# Puppy has Bad Gas



## foader (Dec 19, 2008)

Hi all

Been switching our puppies over to Wellness Super5Mix from Eukanuba and they seem to have developed some really bad gas. Their poops are all still fine and they show no discomfort or indications that anything is wrong with them besides the gas. 

I was just wondering if this was a from the change of food or if it could be something worse. All 3 puppies seem to be going through it so the new dog food is the only thing thats change with them.

I'm hoping it's just the change of food and that they aren't quite used to it yet. But wouldn't it be affecting their poop if it was the food?
Any thoughts?

thanks for any help.


----------



## WiscTiger (Sep 25, 2002)

Lots of things can cause gas in pups? 

How old are the pups? Have they been checked for parasites? Have they been wormed and when?

Val


----------



## BlackGSD (Jan 4, 2005)

Not necessarily. They are perfectly capable of having "room clearing" gas without having loose poops.

I believe room clearing gas is BarbE's main complaint with her Dante on most kibbles. Hopefully she will see this and reply.


----------



## foader (Dec 19, 2008)

They have started their worming will have to get the dates for it. They were checked for parisites at the beginning of December and were given a clean bill of health. 2 of the pups are just over 4 months and the third is 10 months. 1 GSD, 1 dachsund and 1 rat terrier mix.


----------



## Barb E (Jun 6, 2004)

> Quote:They have started their worming will have to get the dates for it.


Does this mean they are in a midst of a de-worming regiment?

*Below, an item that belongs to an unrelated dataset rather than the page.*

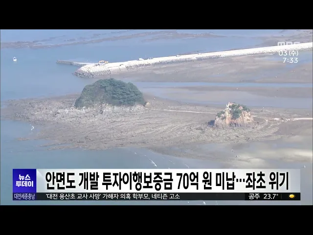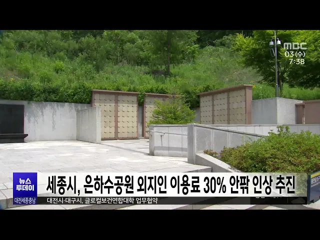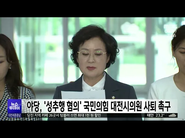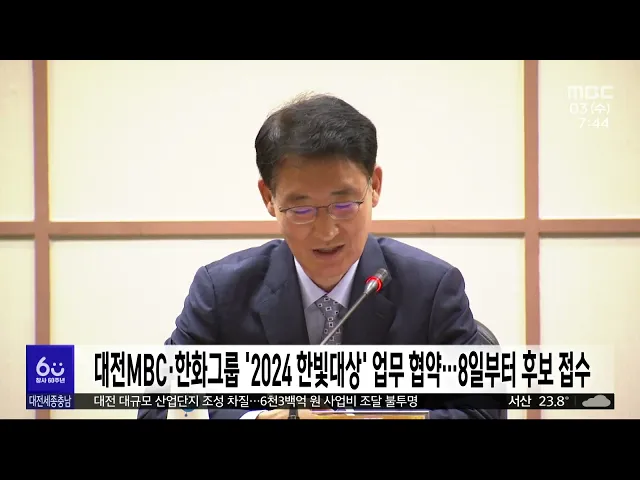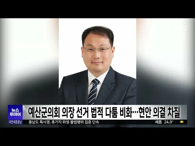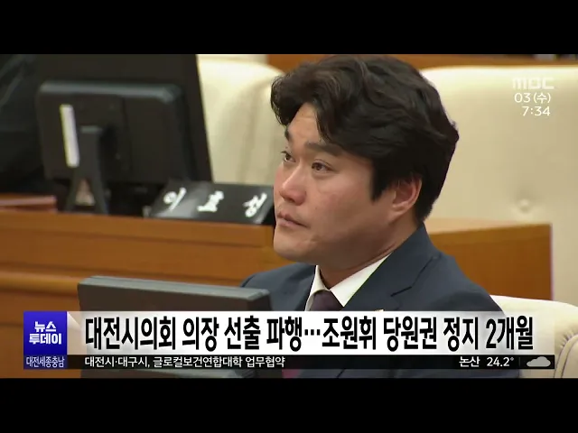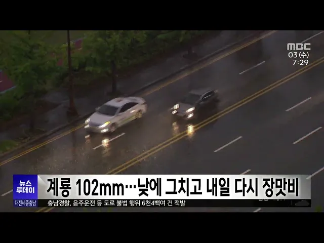 뉴스투데이 뉴스데스크뉴스투데이뉴스데스크 VOD(전체 다시보기)뉴스투데이 VOD(전체 다시보기)유튜브뉴스페이스북 뉴스카카오톡 뉴스인스타그램 뉴스 prev 2024.7.3 - 수요일 next 계룡 102mm..낮에 그치고 내일 다시 비 오늘 새벽부터 대전과 세종, 충남 지역에다시 장맛비가 내리고 있습니다.어제부터 내린 비의 양은 계룡 102mm를 최고로 대전 88.7mm,논산 84.5mm 등을 기록하고 있습니다.이번 비는 오늘 낮까지 5에서 30m... 이승섭 6,300억 출자.. 시작부터 난항?/투데이 ◀ 앵 커 ▶대전시가 일류경제도시 목표 달성을 위해 산업단지 조성에 공을 들이고 있는데요.산업단지를 늘리려면 재원 마련이 중요한데과연 실상은 어떨까요?박선진 기자가 단독취재했습니다.◀리포트▶대규... 김지훈 안면도 개발사업, 투자이행보증금 미납으로 좌초 위기 충남도 숙원사업인 태안 안면도 개발사업이 사업자 측의 투자이행보증금 미납으로 좌초될 위기에 놓였습니다.충남도는 사업 주관사인 온더웨스트 컨소시엄이 두 차례 납부 기한 연장에도 불구하고 투자이... 김태욱 대전시의회 의장 선출 파행..조원휘 당원권 정지 2개월 국민의힘 대전시당이 지난달 당내 투표로 결정된 의장 후보에게 본회의에서 무효표를 던진 조원휘 의원에게 당원권 정지 2개월을, 의장 선출안이 부결되자2차 투표를 방해한 김선광 의장 후보에게경고의 ... 고병권 '성추행 의혹 국민의힘 대전시의원' 사퇴 촉구 더불어민주당과 진보당 대전시당이국민의힘 소속 대전시의원이 지난 총선 캠프 여직원을 성추행한 혐의로 피소된 사건과 관련해 의원직 사퇴와 재발 방지 대책을 촉구했습니다.이들 야당은 해당 의원이 지... 고병권 행정수도 위상 높여..소통 필요 지적도/투데이 ◀ 앵 커 ▶민선 4기 세종 시정이 반환점을 돈 가운데 세종시의 행정수도 위상이 강화됐다는평가가 나오고 있습니다.하지만 세종시 성장이 정체되고 있고, 시정 운영에도 소통이 더 필요하다는 지적도 적지... 김광연 세종시 '은하수공원 타 지역 주민 이용료 인상' 조례 입법 예고 세종시가장사시설인 은하수공원 이용료를타지역 주민에 한해 인상하는 안을 추진하고 있습니다.세종시가 입법 예고한 시 조례에 따르면,다른 지역 주민의 화장장, 봉안당 사용료를각각 25%, 34% 인상하고,... 고병권 예산군의회 후반기 의장단 선출 놓고 법적 다툼 이어져 예산군의회 후반기 의장단 선출 관련 파행이법적 문제로 비화되면서 의회 운영에 차질을 빚고 있습니다.예산군의회는 지난달 이상우 의원과 강선구 의원을 각각 의장과 부의장으로 선출했지만, 한 군의원... 김태욱 천안·아산시의원 절반가량, 주택 2채 이상 소유 천안과 아산시의회 의원의 절반가량이 다주택 보유자인 것으로 확인됐습니다.천안아산경제정의실천시민연합의 조사 결과천안시의원의 46%인 12명이, 아산시의원의 59%인 10명이 주택을 2채 이상 보유한 다... 김광연 거센 폭우.."도로 잠기고, 교통사고"/투데이 ◀ 앵 커 ▶장맛비가 또다시 시작됐죠.어제는 특히 시간당 최대 40mm가 넘는 폭우가 쏟아져, 빗길 교통사고가 잇따랐고, 20여 건의 비 피해가 발생했는데요.오늘도 낮까지 비가 예보된 만큼 단단히 대비하셔... 윤소영 장마철 타이어 확인하세요!/투데이 ◀ 앵 커 ▶본격적인 여름 휴가철을 앞두고 장마가 시작됐는데요. 장거리 운전하시는 시청자 분들은 이 뉴스 눈여겨 보셔야할 것 같습니다. 타이어가 마모된 상태로 빗길을 달리면 제동거리가 두 배로 늘어... 김태욱 2024 한빛대상 업무 협약식 2024 한빛대상 업무 협약식이 진종재 대전MBC 사장과 김신연 한화커뮤니케이션 위원회 사장 등이 참석한 가운데 대전MBC에서 열렸습니다.올해 20주년을 맞이하는 한빛대상은 과학기술과 지역경제 등 5개 ... 조형찬 충남도, 국립치의학연구원 천안 설립 100만 서명 돌입 충남도가 대통령 공약인 국립치의학연구원 천안 설립의 조속한 이행을 위해 3달 동안범도민 100만 명 서명운동을 시작합니다.도는 100만 명 목표를 달성한 뒤 치의학연구원 설립 타당성 연구용역 중간보고... 김태욱

Dante had gas while on Nutro and then he seems to get it from the grain free diets. He would be perfect in every way, 'cept that







gas!! 

To me (and I'm not a vet!) gas means something is up in the digestive tract. Could be the food change, could be the food, could be something else. In my mind, it would be odd for three different dogs to get gas from a food (unless something is up with that bag of food itself) or the food change.


----------



## foader (Dec 19, 2008)

Sorry was bad wording. The vet had checked them for worms when we got them and they got a clean bill of health. He gave us a preventative (think I used the right term there) that they take once a month. 
Sorry don't have more information I'm in Iraq and my puppy is being cared for by friends. I've told them about the site though and they are going to make a profile.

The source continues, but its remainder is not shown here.